4 Replies Latest reply on Nov 8, 2012 9:36 PM by Vite DBA

    APEX Schema vs Application Schema

      What is standard Production practice of schema creation?

      Do I need to have seperate schema for APEX objects and workspace AND have it connected to my application production schema where all application related tables resides?

      Please advice.

        • 1. Re: APEX Schema vs Application Schema
          Pete Mahon

          You can create your objects in any schema you wish (one schema per workspace), as long as you add the relevant schema to APEX so that it can parse correctly. See this page if you need to change the schema you are parsing in.

          You must have a separate schema to the one APEX creates as the APEX user is locked following installation.

          Hope this helps.
          Regards, Pete
          • 2. Re: APEX Schema vs Application Schema
            Vite DBA

            I'm not sure that you understand the architecture of Apex, and maybe a brief explanation will answer your question.

            When you create an Apex workspace, you associate that workspace with an Oracle schema that is the parsing schema, which means that all the code you produce as part of your application is executed as this schema. This schema then usually becomes the owner of all your Oracle database objects such as tables, views, indexes, packages etc. (it can be more complicated with multiple schemas, but lets keep it simple for the moment)

            Next, you come to create an Apex application against that schema. The Apex objects that you create, applications, pages, regions, items etc, are not actually stored in that schema. They are associated to that schema by the workspace and are actually stored in a metadata structure in the Apex schema, which you never touch directly, but interact with through the actual Apex application. If you logged onto your parsing schema through SQLPlus and tried to find the Apex objects by querying the normal database metadata views you won't find anything.

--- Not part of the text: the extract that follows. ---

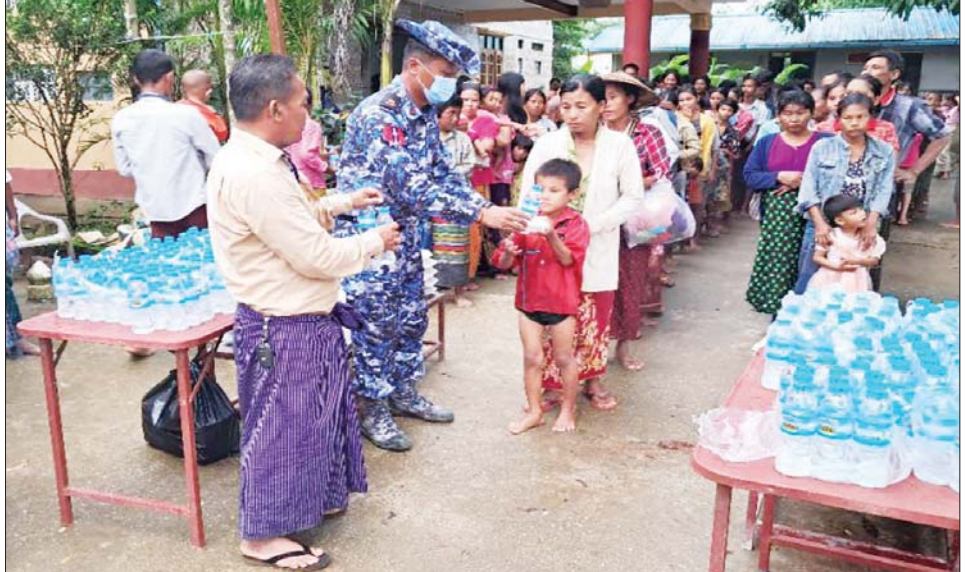
ရေဘေးသင့်ပြည်သူများအား သောက်သုံးရေနှင့် စားသောက်ဖွယ်ရာများ ထောက်ပံ့ပေးအပ်စဉ်။

အစိုးရရပ်ကွက်၊ စေတီတောင် ရပ်ကွက်၊ ကုလားဘာတောင် ရပ်ကွက်နှင့်မြစ်နားတန်းရပ်ကွက် တို့၌ ဩဂုတ် ၁၆ ရက်နှင့် ယနေ့တို့တွင် မိုးသည်းထန်စွာ ရွာသွန်းပြီး လေပြင်းတိုက်ခတ်မှု များကြောင့် ရေငရဲရောက်မှုများ ဖြစ်ပေါ်ခဲ့သဖြင့် တောင်ကမ်းပါး ယံပြိုကျခြင်း၊ အဆောက်အအုံ၊ လူနေအိမ်၊ ဈေးဆိုင်များပျက်စီး ခြင်း၊ အခြေခံပညာကျောင်းများ အုတ် တံတိုင်းပျက်စီးခြင်း၊ ကျေး လက်ဆေးပေးခန်းတို့မှာ အမိုး လန်ပျက်စီးခြင်းနှင့် တံတားများ ပျက်စီးခြင်းများ ဖြစ်ပေါ်ခဲ့သဖြင့် သစ်လုံးများ ရိုက်ခြင်းနှင့် လိုအပ် သည့်ကူညီကယ်ဆယ်ရေးလုပ်ငန်း များ ဆောင်ရွက်ပေးခဲ့ကြသည်။ ထိုသို့ဆောင်ရွက်နေမှုများကို သက်ဆိုင်ရာ ပြည်နယ်ဝန်ကြီး ချုပ်၊ တိုင်းမှူးများနှင့် တာဝန် ရှိသူများက သွားရောက်ကြည့်ရှု အားပေးကြပြီး လိုအပ်သည် များ ညှိနှိုင်းဆောင်ရွက်ပေးကာ ရေဘေးသင့် ပြည်သူများအား ထောက်ပံ့ငွေများ၊ ကယ်ဆယ်ရေး ပစ္စည်းများနှင့် စားသောက်ဖွယ် ရာများ ထောက်ပံ့ပေးအပ်ခဲ့ကြ ကြောင်း သိရသည်။ သတင်းစဉ်

            Getting back to the multiple schemas thing, for small to medium applications that are purely for Apex, I would recommend that you keep every thing in one schema and use that schema as your parsing schema. For more complex applications, from a purely database design point of view, it may be preferable to split your application into several sub-applications in several schemas. In this case you will need to create a parsing schema or use one of the existing schemas as a parsing schema and then maintain a system of grants and synonyms between the schemas as well as identify all the schemas to Apex, though only one can be the parsing schema.

            There is a theory going around that promotes a separation between the schemas that own the database objects and the schema that an application connects as. This is primarily for security and safety so that developers don't damage the database application and end users don't gain unauthorised access through techniques such as SQL injection. This can be a concern with very large development projects with large and/or public user bases. I tend to think though that this is not the typical target for Apex applications (whether Apex is a suitable API in this case is another discussion) and applying this sort architecture is overkill in most cases.

            I hope that I understood your query correctly and that this helps.

            • 3. Re: APEX Schema vs Application Schema
              Adrian Png
              Hi MDK999.

              I usually create a schema (and tablespace) for each application for two main reasons:
              1. Avoid object naming conflicts
              2. Allows tablespace (application-specific) recovery

              Best regards,
              • 4. Re: APEX Schema vs Application Schema
                Vite DBA
                Hi Adrian,

                Yes I agree with your approach.

                My main point was that for most small to medium applications, splitting a single application over several different schemas for whatever practical or philosohpical reason is usually not worth the trouble.